Art de vivre

Leon Cocktail Bar, tous les plaisirs du cocktail à domicile

« Un bon cocktail c’est avant tout la bonne réponse apportée aux goûts du client. Un bon cocktail c’est un équilibre entre les mélanges et les doses, c’est oublier des phrases toutes faites du style : – Si c’est fort c’est que c’est bon’. Un bon cocktail, c’est primordial, doit être servi avec le sourire ». En quelques mots, le Cassidain Frédéric Laurence résume avec enthousiasme sa passion pour le cocktail et son cahier des charges. Le jeune bar tender a fondé son entreprise Léon cocktail bar le 26 août 2019 et court la région Provence-Alpes Côte d’Azur, avec quelques incursions à Montpellier, en Languedoc, pour y distiller la bonne parole. Leon Cocktail bar

Leon Cocktail Bar propose aux privés comme aux entreprises, un service sur-mesure, de l’animation du bar lors d’un mariage ou d’un événement familial, aux ateliers thématiques (comment faire ses sirops, la gestuelle du cocktail, les rudiments). « Le sur-mesure, j’adore ça » souffle Laurent qui reconnaît que 80% des demandes portent sur les mariages.
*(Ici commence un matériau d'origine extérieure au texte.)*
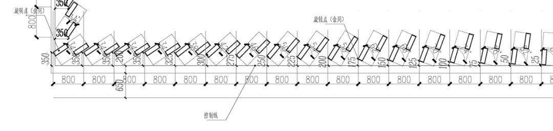 通过U玻的竖向参数化干扰,在保证U玻的结构稳定性和材料安全性基础上,经过电脑参数反复推敲、对比,最终确定控制倾角在3度可以保证较好的立面效果。

Peu porté sur les études, le jeune entrepreneur a débuté sa carrière à 18 ans dans une boîte de Monaco pendant 5 ans. Riche de cet expérience, il s’exile ensuite à Paris, rue Montmartre avant de revenir en principauté exercer 2 ans. C’est à Sydney, lors d’un séjour australien de 2 ans, qu’il se familiarisera et se perfectionnera dans les gins autochtones, l’incitant à imaginer un gin tonic « à ma façon », envisagé sous un angle plus contemporain : – Il y a plein de nouveaux tonics et de variantes de gins qui ouvrent les portes de la créativité » estime Frédéric Laurent.

« La tendance est à l’amertume. De la Suze, du sirop de verveine, du muscat et du tonic… C’est une merveille »
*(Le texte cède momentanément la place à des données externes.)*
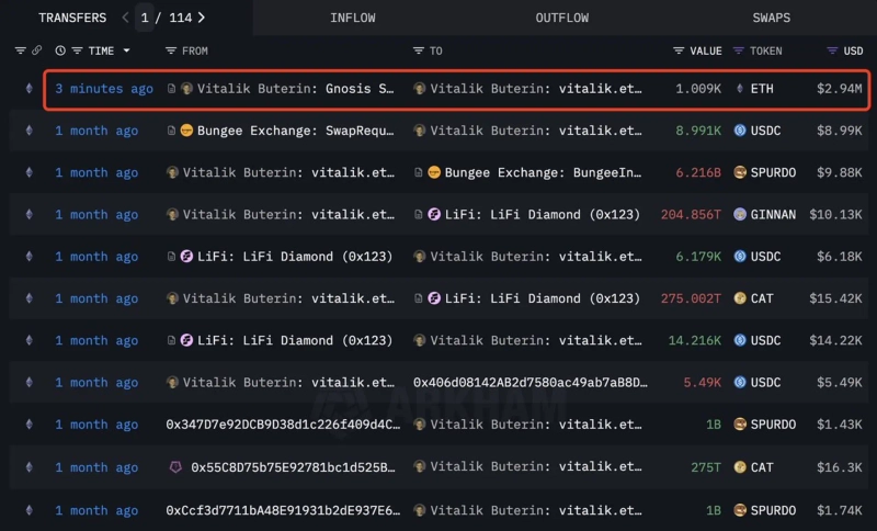 On the 26th (Korean time), according to LookonChain, 1009 Ethereum were withdrawn from the wallet of Vitalik Buterin, the founder of Ethereum (ETH).

Frédéric Laurence du Leon Cocktail Bar

Si le bar et la cuisine ont de nombreux points communs, le barman voient en eux des recettes déclinables à l’infini : – Comme en cuisine, les gens raffolent du visuel ; le cocktail doit impressionner d’abord et donner du plaisir ensuite ». Revenant sur le comportement du barman, Frédéric Laurence estime qu’il doit combiner savoir-faire et savoir-être. « Il faut créer du lien et susciter l’empathie » assure celui que l’on croise occasionnellement au Gaspard, au Carry nation ou chez Copper Bay à Marseille. Quant à la tendance du moment, elle est aux amers, portés par des alcools mythiques tels la Suze ou le Campari. La mode est un éternel recommencement.

Infos contacts Leon Cocktail Bar Instagram @leon_cocktail_bar et 06 16 57 65 77.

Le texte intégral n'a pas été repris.